PEG-BCT-100 and Canavanine Synergistically Induce Apoptosis in Arginine Biosynthetic Enzyme-Deficient Pancreatic Cancer.

Abstract

Abstract: Arginine deprivation using arginase emerges as a potential cancer treatment approach, as some cancers have been found to be arginine-auxotrophic, relying on exogenous arginine for their growth. In this study, we evaluated the combination of a PEGylated recombinant human arginase (PEG-BCT-100), which is currently undergoing clinical trials, with a toxic arginine analog, canavanine, in pancreatic cancer. Remarkable synergistic antitumor effect was observed both in vitro and in vivo. Specifically, the combination treatment induced apoptotic cell death in pancreatic cancer cells, whereas normal fibroblast cells remained viable. Our findings also suggested that pancreatic tumors lacking the key enzymes in arginine biosynthesis, argininosuccinate synthetase 1 (ASS1) and ornithine transcarbamylase (OTC), were more susceptible to the treatment. From our in-house cohort and online database analysis, we found that the majority of the patients with pancreatic cancer exhibited deficiencies in both ASS1 and OTC enzymes, suggesting that the combination of arginine deprivation and canavanine could be particularly effective in these patients. The ASS1 and OTC negativity could also serve as predictive biomarkers for the response in other arginine-dependent cancers.

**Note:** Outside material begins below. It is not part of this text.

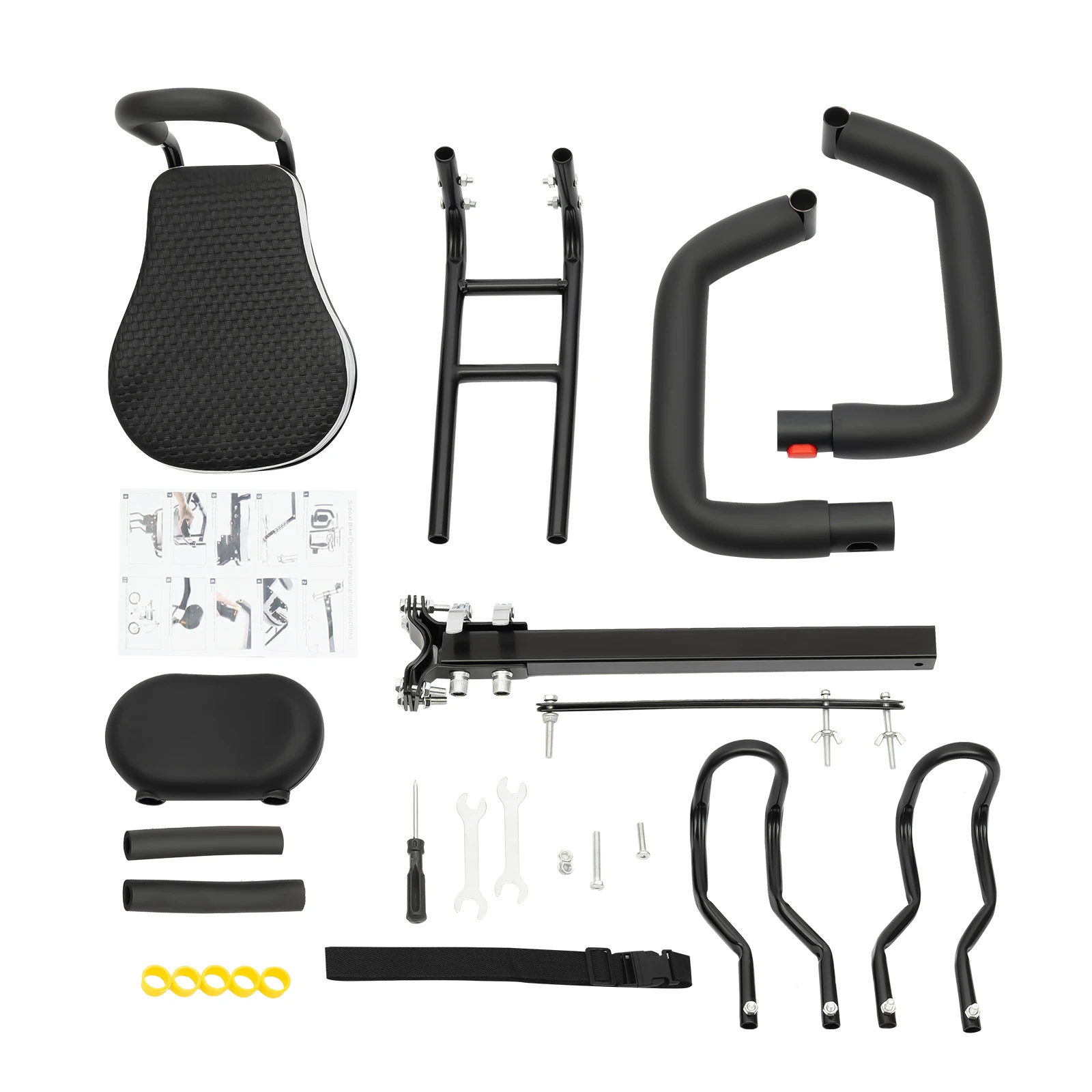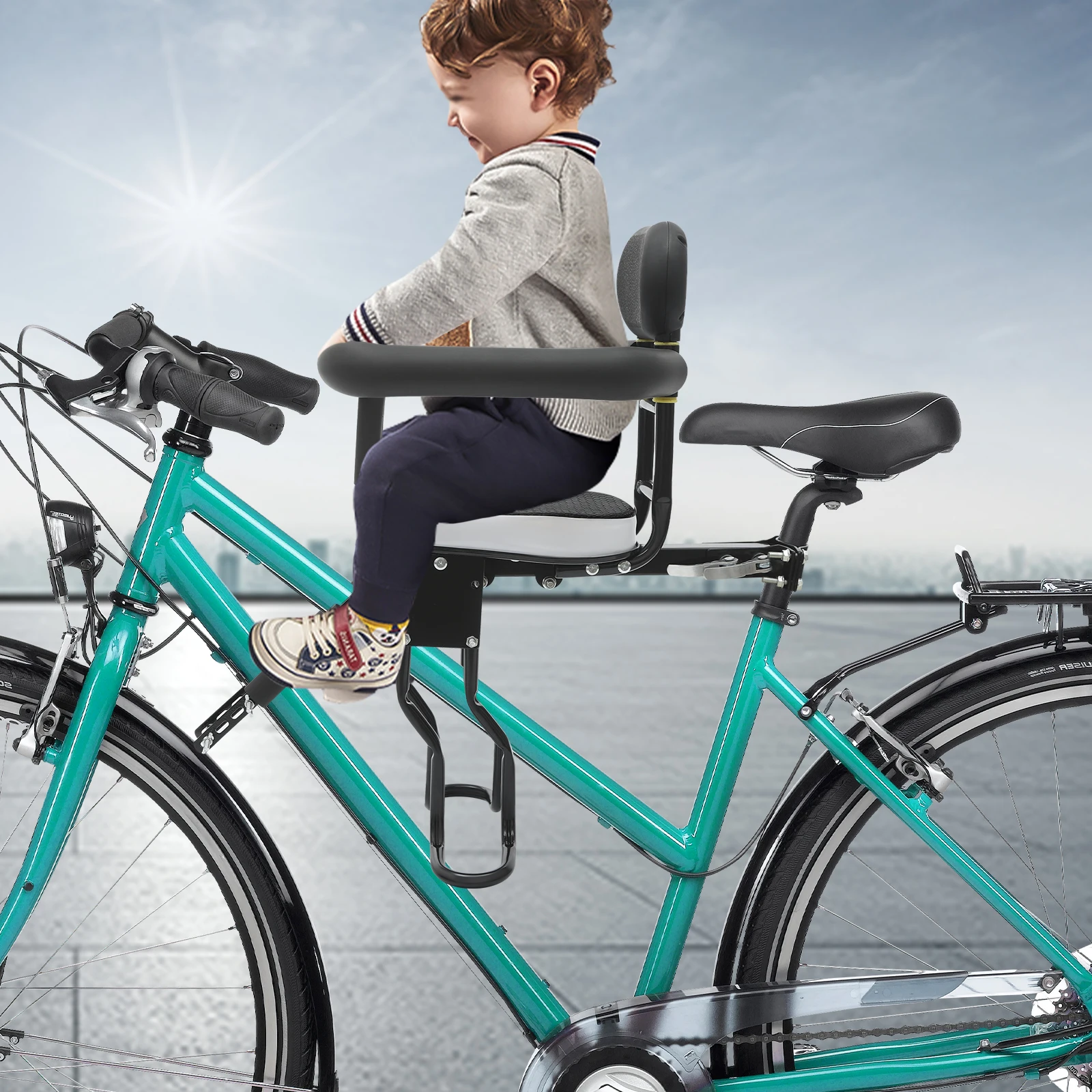 Siège de vélo pour enfant à fixation avant, siège enfant à deux points de fixation, siège avant amovible avec main courante pour tout-petit, construction en acier et polycarbonate

Significance: This study investigates the synergistic antitumor effect of PEG-BCT-100, an arginase, in clinical trials, with canavanine in pancreatic cancer, in vitro and in vivo. The treatment induces cancer cell apoptosis while sparing normal fibroblasts. Our findings suggest heightened susceptibility of pancreatic tumors deficient in arginine biosynthesis enzymes ASS1 and OTC.